*** Opening of RECORDED INFORMATION ***

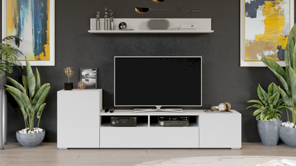 Данная модель весьма вместительна, ведь при помощи разработанной комбинации закрытых напольных секций и навесной полки создается идеальная система для хранения различных предметов, которые используются в повседневной жизни. Она выполняет свои функции, а места занимает меньше. В результате драгоценное пространство останется нетронутым.
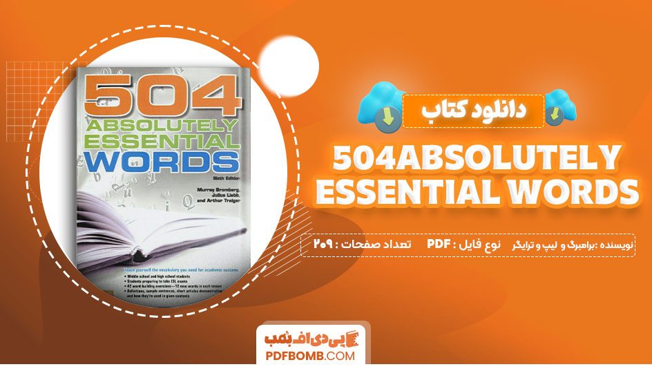 دانلود کتاب 504Absolutely essential words موری برامبرگ و جولیوس لیب و آرتور ترایگر 209 صفحه PDF پی دی اف📙 در سایت پی دی اف بمب در اختیار شما قرار گرفت. کتاب “504 Absolutely Essential Words” (پنجمصد و چهار واژه ضروری) یکی از منابع محبوب و پراستفاده برای یادگیری واژگان زبان انگلیسی است که توسط موری برامبرگ (Murray Bromberg)، جولیوس لیب (Julius Liebb)، و آرتور ترایگر (Arthur Traiger) نوشته شده است. این کتاب در سطح جهانی به عنوان یک منبع استاندارد برای تقویت دایره واژگان به ویژه برای زبانآموزان سطوح متوسط و پیشرفته و همچنین برای آمادگی آزمونهای استاندارد مانند TOEFL، IELTS، GRE و SAT شناخته میشود.با سایت پی دی اف بمب در این مطلب همراه باشید.
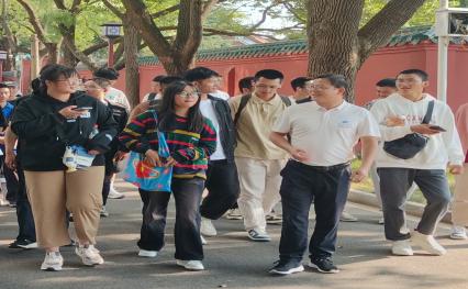 在湘潭文庙的游览过程中,同学们特意邀请赢了文庙管理处的张新康老师对文庙的悠久的历史以及其蕴含的湘潭文脉进行了介绍。马缤辉老师结合新生教育要求,与同学们分享了文庙的历史人物故事及其与ok1188诸侯快讯官方的联结脉络,并指出湘潭文庙就是ok1188诸侯快讯官方的根和魂,每一个科大人都要熟悉科大历史,厚植爱校荣校之情和深沉的家国情怀。
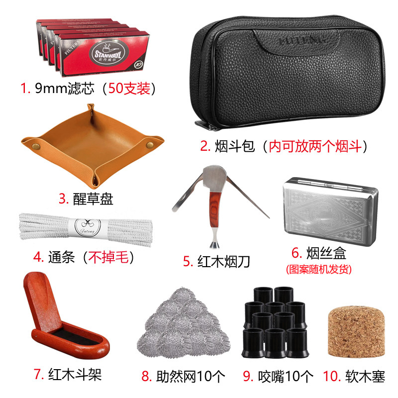 烟具烟斗配件套装 三合一通条压棒软木塞助燃网烟丝盒斗架新手套装
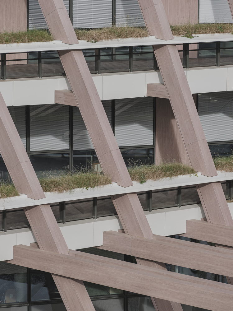 Sustainable Landscape and Urban Biodiversity – Developed in partnership with Land’Act Paysage and in coordination with the ZAC’s urban planners, the landscape design blends seamlessly with public spaces. Alternating planted areas and walkways are enriched with native plant species. Visible rainwater management systems (swales) and the widespread use of green roofs and terraces help combat the urban heat island effect and preserve local biodiversity.
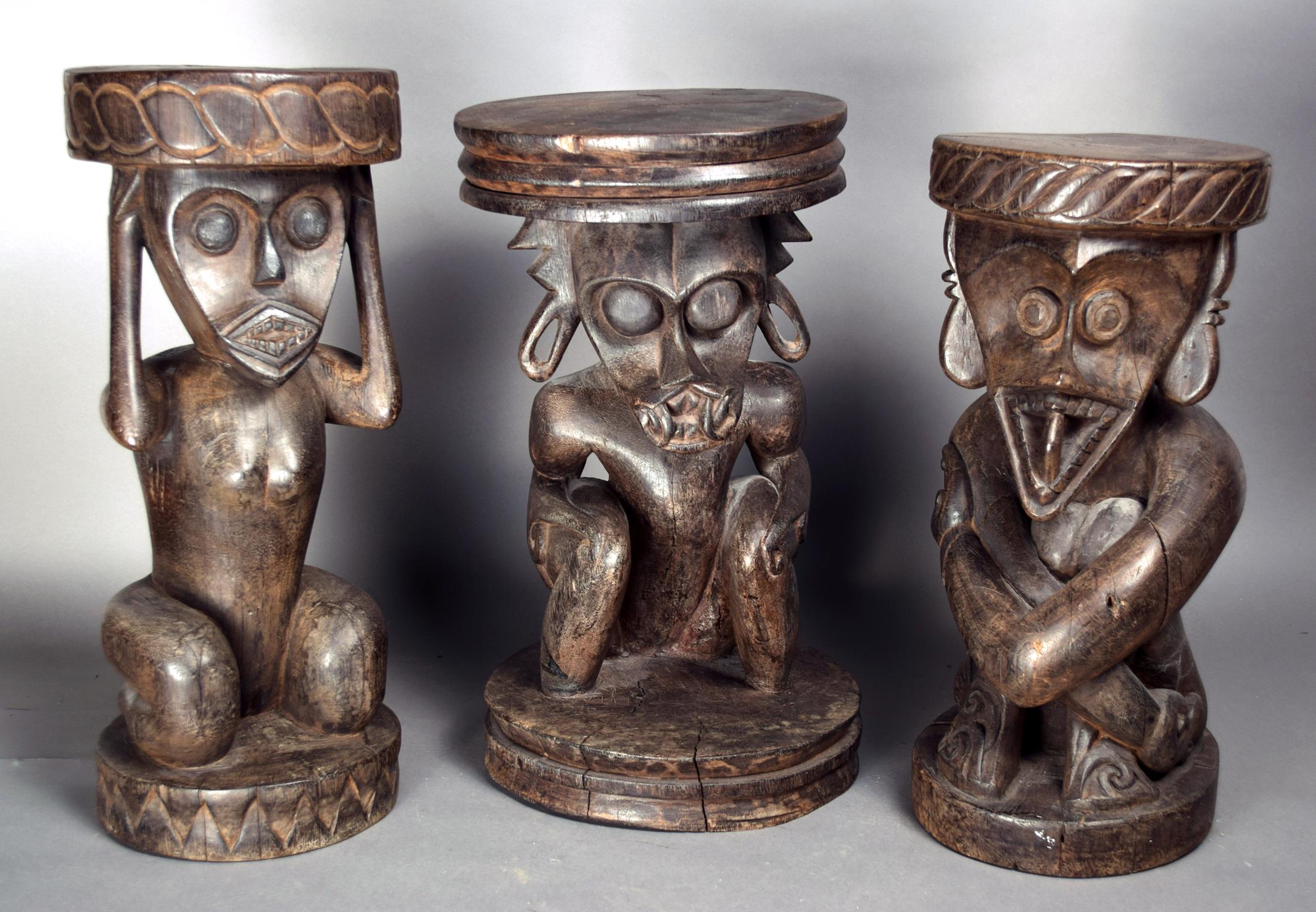 Three Dayak stools Indonesia wood
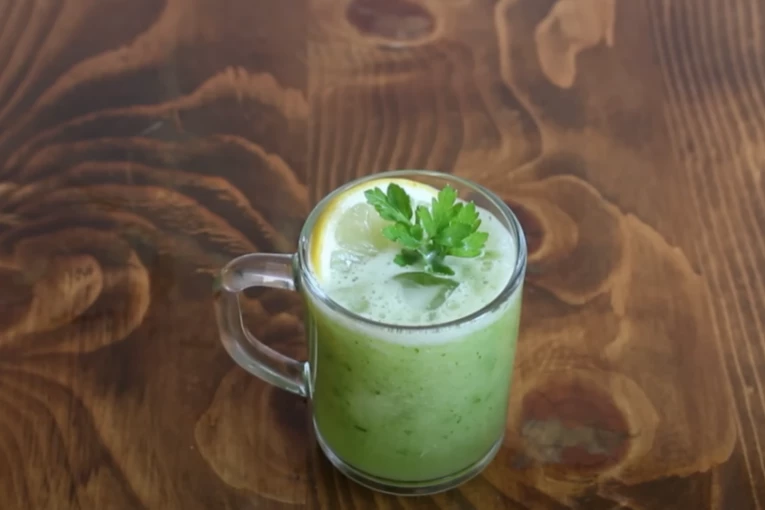 U blender stavite celer, punu šolju peršuna, limunov sok i jednu čašu vodu. Blendajte, pa smesu sipajte u bokal u koji ste već sipali još pet čaša vode. Sve dobro promešajte.
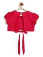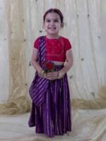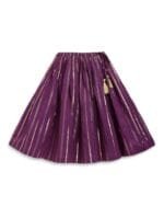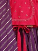 Purple and pink embroidered ready to wear blouse, has a round neck, short sleeves, purple and pink woven design ready to wear lehenga, flared hem
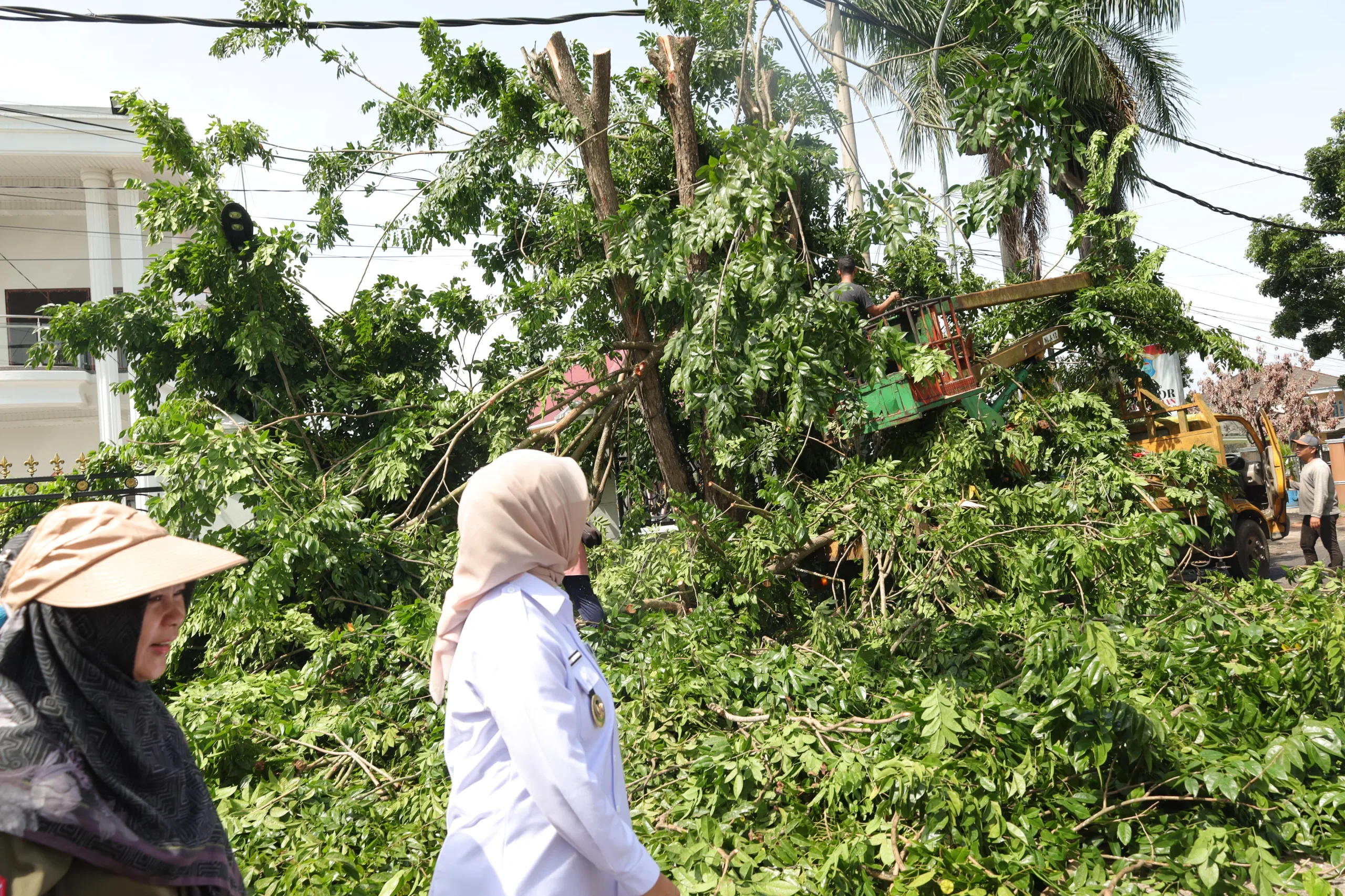 Dessy Ayutrisa menjelaskan bahwa pemangkasan pohon dilakukan untuk mengurangi potensi bahaya bagi pengguna jalan serta warga yang rumahnya berada di sekitar pohon besar, termasuk di Jalan Kantor Kelurahan Lontong Pancur.

*** Close of RECORDED INFORMATION ***

§ ASSIGNMENT
Omit the pictures and set down the records exactly.

§ THE ANSWER
 Данная модель весьма вместительна, ведь при помощи разработанной комбинации закрытых напольных секций и навесной полки создается идеальная система для хранения различных предметов, которые используются в повседневной жизни. Она выполняет свои функции, а места занимает меньше. В результате драгоценное пространство останется нетронутым.
 دانلود کتاب 504Absolutely essential words موری برامبرگ و جولیوس لیب و آرتور ترایگر 209 صفحه PDF پی دی اف📙 در سایت پی دی اف بمب در اختیار شما قرار گرفت. کتاب “504 Absolutely Essential Words” (پنجمصد و چهار واژه ضروری) یکی از منابع محبوب و پراستفاده برای یادگیری واژگان زبان انگلیسی است که توسط موری برامبرگ (Murray Bromberg)، جولیوس لیب (Julius Liebb)، و آرتور ترایگر (Arthur Traiger) نوشته شده است. این کتاب در سطح جهانی به عنوان یک منبع استاندارد برای تقویت دایره واژگان به ویژه برای زبانآموزان سطوح متوسط و پیشرفته و همچنین برای آمادگی آزمونهای استاندارد مانند TOEFL، IELTS، GRE و SAT شناخته میشود.با سایت پی دی اف بمب در این مطلب همراه باشید.
 在湘潭文庙的游览过程中,同学们特意邀请赢了文庙管理处的张新康老师对文庙的悠久的历史以及其蕴含的湘潭文脉进行了介绍。马缤辉老师结合新生教育要求,与同学们分享了文庙的历史人物故事及其与ok1188诸侯快讯官方的联结脉络,并指出湘潭文庙就是ok1188诸侯快讯官方的根和魂,每一个科大人都要熟悉科大历史,厚植爱校荣校之情和深沉的家国情怀。
 烟具烟斗配件套装 三合一通条压棒软木塞助燃网烟丝盒斗架新手套装
 Sustainable Landscape and Urban Biodiversity – Developed in partnership with Land’Act Paysage and in coordination with the ZAC’s urban planners, the landscape design blends seamlessly with public spaces. Alternating planted areas and walkways are enriched with native plant species. Visible rainwater management systems (swales) and the widespread use of green roofs and terraces help combat the urban heat island effect and preserve local biodiversity.
 Three Dayak stools Indonesia wood
 U blender stavite celer, punu šolju peršuna, limunov sok i jednu čašu vodu. Blendajte, pa smesu sipajte u bokal u koji ste već sipali još pet čaša vode. Sve dobro promešajte.
 Purple and pink embroidered ready to wear blouse, has a round neck, short sleeves, purple and pink woven design ready to wear lehenga, flared hem
 Dessy Ayutrisa menjelaskan bahwa pemangkasan pohon dilakukan untuk mengurangi potensi bahaya bagi pengguna jalan serta warga yang rumahnya berada di sekitar pohon besar, termasuk di Jalan Kantor Kelurahan Lontong Pancur.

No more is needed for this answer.